Рудольф принадлежал к тому поколению, которое не только получило преимущества от «нового балета» Фокина (его небалетная пластичность, навеянная Айседорой Дункан, легла в основу учения Вагановой), но было также знакомо с более радикальными подходами к хореографии. Еще больше противоречащий классике и во многом экспериментальный «Послеполуденный отдых фавна» Нижинского 1912 г. был поистине архаическим; его смысл сводился к суровым, ритуальным формам. Это был модернизм в его самом бескомпромиссном виде – «революция в балете», как выразился Рудольф, – а также полное отрицание виртуозности и личностности Императорского балета. В то же время, помня еще со времен Уфы, что Петипа – «король балетов», Рудольф по-прежнему считал классику Мариинки своим истинным наследием. Ему казалось, что отдельные произведения следует сохранять, но не бальзамировать, ведь за сто лет техника танцовщиков и их физические данные так резко изменились!
«Например, у них были длинные пачки и длинные низкие арабески… и у них были красивые руки, и прически, и украшения, и им не нужно было так много танцевать, исполнять столько па. [Потом] они стали стройнее, и… пришлось менять и балет, и хореографию – на самом деле хореографию нет, – но способ исполнения па, чтобы оживить их, а пантомима и все остальное прояснялось и обновлялось от поколения к поколению».

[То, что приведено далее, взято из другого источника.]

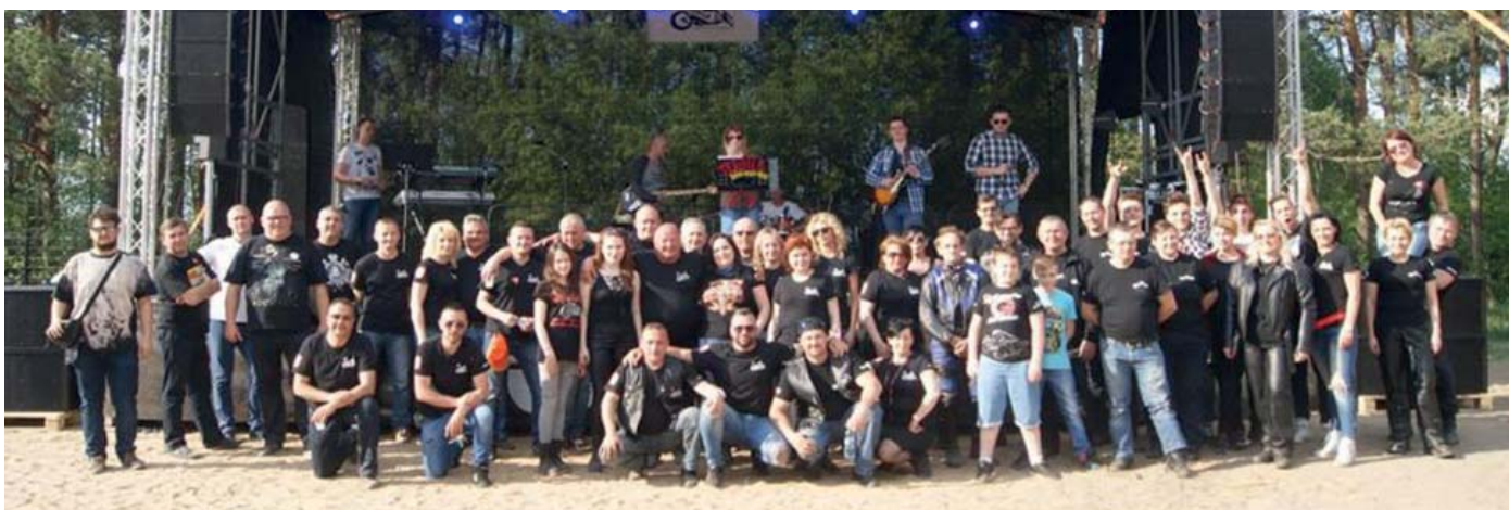
...Nie mogło zabraknąć pamiątkowej fotografii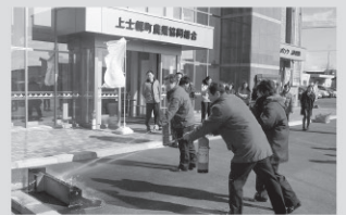
◀ J Aでの避難訓練

J A事務所・資材店舗、Aコーブルピナ、上土幌福寿協会、糠平小学校、スポーツセンター、上土幌高校、生きがいセンターゲートボール場

Такой же подход характерен для Дягилева. В 1921 г. он поручил Николаю Сергееву поставить для своей антрепризной труппы «Спящую красавицу». Одни номера импресарио взял из разных балетов Петипа, а другие велел поставить заново, сохранив, однако, основной стиль и элементы мастера. Рудольф восхищался Эриком за то, что тот позволял себе такие же вольности с репертуаром Бурнонвиля, внося изменения, которые о многом говорили современной публике. «Я просто черпаю из оригинального источника, где, как мне кажется, есть жизнь», – объяснял Эрик. Однако в английском классическом репертуаре Рудольф не видел такого прогресса. «Они очень довольны тем, что у них есть этот труп, – они думают, что он еще долго продержится, но это не так».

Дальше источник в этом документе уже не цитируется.